I agree - I was half joking re the time contraction device. More seriously, I would suggest the OP not even try to base training load on time, or an estimate of time on the road vs. the trainer. Obviously, a power meter with kJ would let you compare objective work, or a metric such as training stress, etc. You can spin a small gear with little resistance on a trainer, which would make a time period on a trainer even less work than a light ride on the road. Choose a goal for the workout and ignore time (and ignore miles on the road as well) as a training load metric...


----------



## tommyrhodes

When planning my indoor workouts I try not to base it so much on time. The only workouts i really base on time are endurance rides for the most part. There's no way in hell i'm doing an endurance ride inside unless a jon and kate plus 8 marathon is on. 
Typically, i have my set interval goals, ie 5 minute intervals. I'll get on the bike, warm up, do the intervals, cool down and get off. No total time, and its the exact same thing as doing the intervals outside since your not coasting during the work period of intervals anyway.
But then again, i'm not really that fast so maybe I'm doing everything wrong.


----------



## spastook

pretender said:


> Time on the road is spent living life; time on the trainer is subtracted from your life.

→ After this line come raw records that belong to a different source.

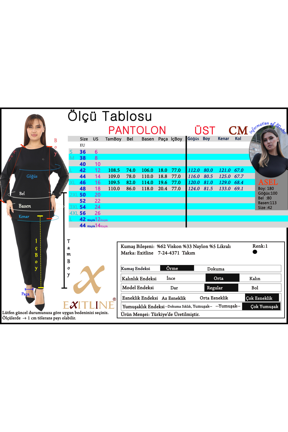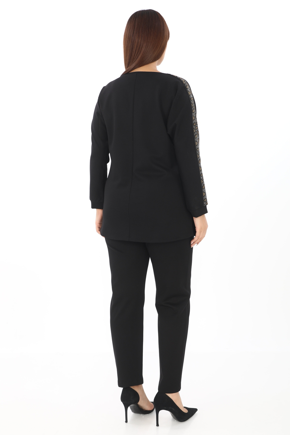 Kadın Kol Yanları Yılan Desen Taşlı Siyah Pantolon Bluz Takım Kadın Kol Yanları Yılan Desen Taşlı Siyah Pantolon Bluz Takım 7-24-4371 42
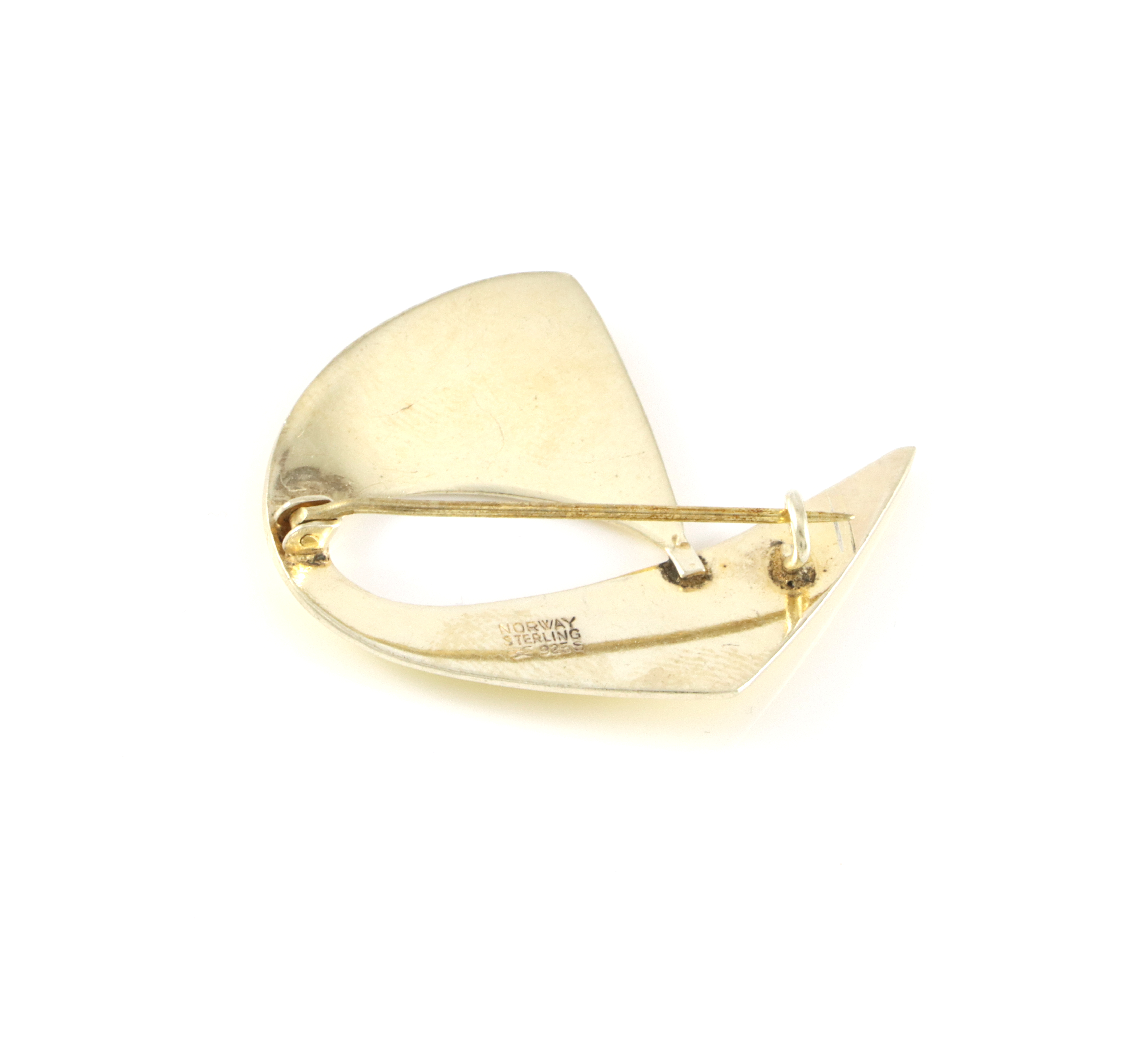 Gul emalje, forgyldt sølv. Produsert av Aksel Holmsen. 4,3 x 3,2 cm
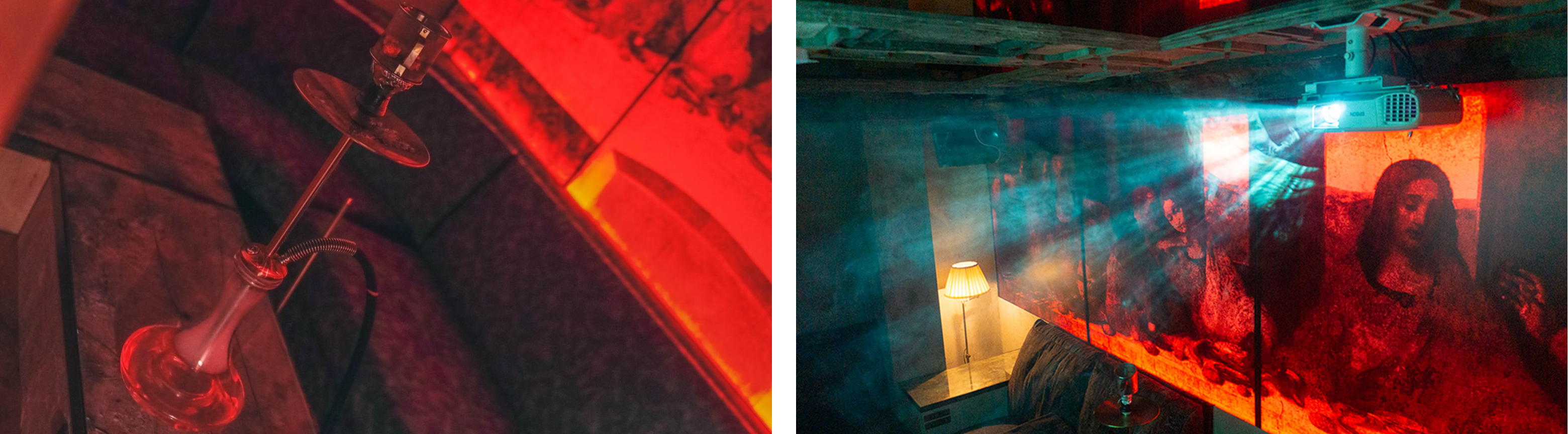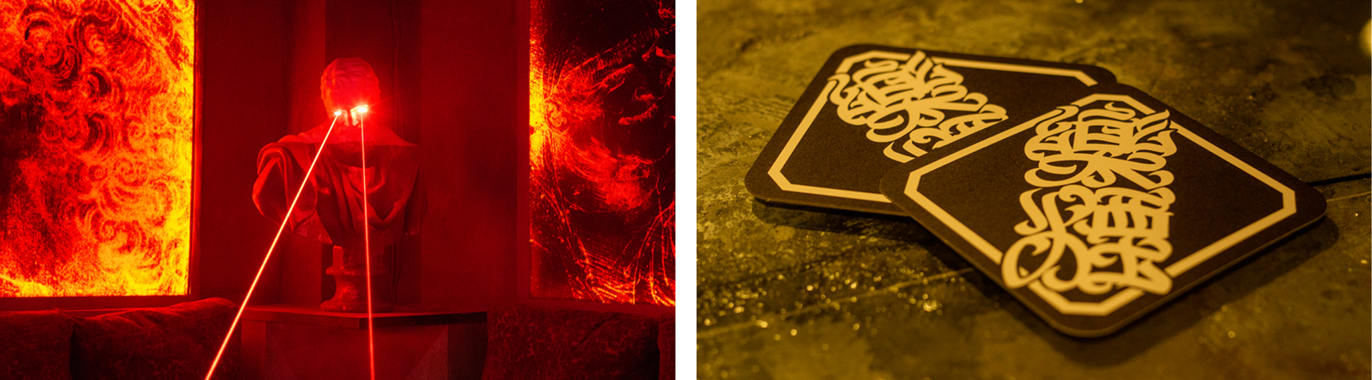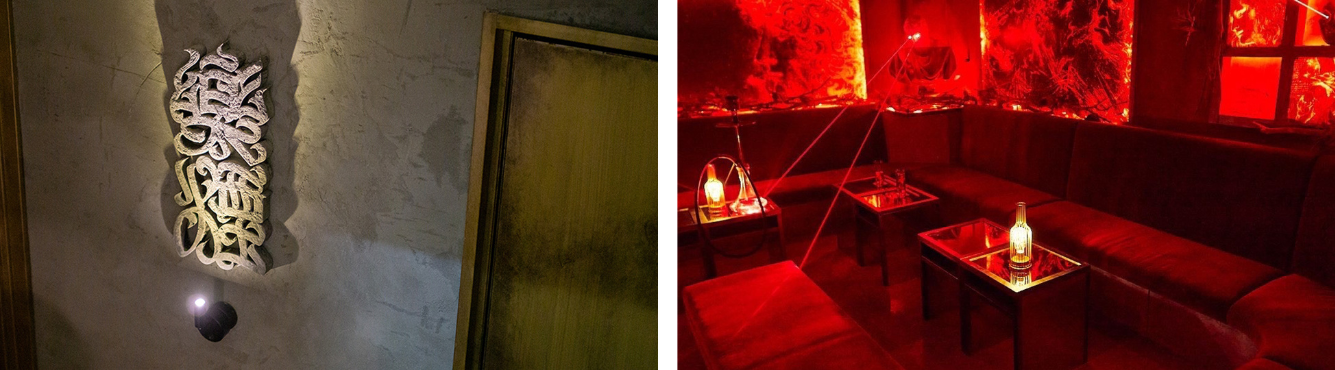 階段を登った先のエントランスには存在感のある大きな看板があり、ドアを開けばそこはまさに現代の樂園が広がっております。店内に散りばめられたアート、それらを引き立たせる光の束、煙と光による幻想的な空間演出は都会の喧騒とはかけ離れた時間を提供してくれます。
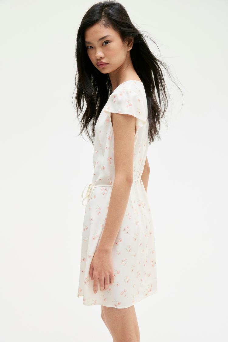 Soft crepe fabric and a delicate floral print create a romantic mini wrap dress ideal for spring and summer outings. The V-neckline and short regular sleeves enhance the classic silhouette, while the open back adds a subtle touch of allure. A belt cinches the waist, offering a flattering regular fit that moves effortlessly. This dress is perfect for casual days, brunches, or date nights, blending comfort with timeless charm.
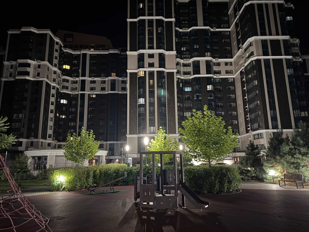 Територія житлового комплексу закрита та охороняється, є відеоогляд, тут є власні магазини, кафе, салони краси, зона відпочинку. Дворівневий підземний паркінг.
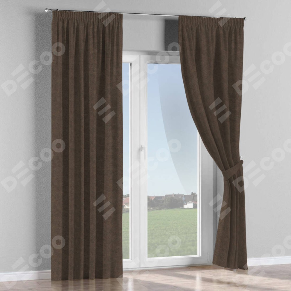 Комплект штор твид блэкаут тёмно-коричневый, на тесьме «Карандаш»

Ya I'll second that one. I keep a Schwinn Spinmaster in my workout room but use it primarily as a clothes rack. When conditions make it my only choice I'll suffer on it for and hour or so. As far as a formula vs. actual road miles? I'd guess 60 minutes on the trainer = 90 minutes on the road but I guess that depends on the individual. I'd honestly rather have a root canal than have to ride my trainer on a daily basis.


----------



## BostonG

scottzj said:


> I know one thing, today I did the trainer for the first time this season due to a foot injury and I sweat like a mad man. I was totally soaked from head to toe, thank goodness I had towels under the bike and on my bars haha.





Stephan said:


> Been on the trainer the last half week and I realized I never sweated so much. Who knows maybe its just in my head, but riding on the trainer seems to take more effort. I was going to start a post about it, but this post seems to answer my questions. I noticed that to get the same speed and cadence as on the road I have ride in a easier gear, but I sweat like a pig.


You’re sweating a lot because you are inside on the trainer and there are no weather elements in play. When you’re riding on the road, the wind evaporates a lot of that sweat and keeps you a lot cooler, which may be why the trainer seems strenuous in a different way than regular road riding. Vendors sell a product that you attach to the head tube and stretch to the seat tube and it runs the length of the top tube to catch your sweat. I think I just broke a record for using the word “tube” in one sentence.

I know it sounds weird to do in the winter but after you warm up, turn on a fan. If you turn it on high and close your eyes, you can feel like you’re descending!


----------



## scottzj

BostonG said:


> Vendors sell a product that you attach to the head tube and stretch to the seat tube and it runs the length of the top tube to catch your sweat


Haha yes you did! Oh and I bought one of those devices from my LBS for around 24$ and it even has a flap that goes in the front of the bars to hold remotes and other things haha. I just have a TV tray that is next to the bike with food, drink, remotes, phone and spare towel.


----------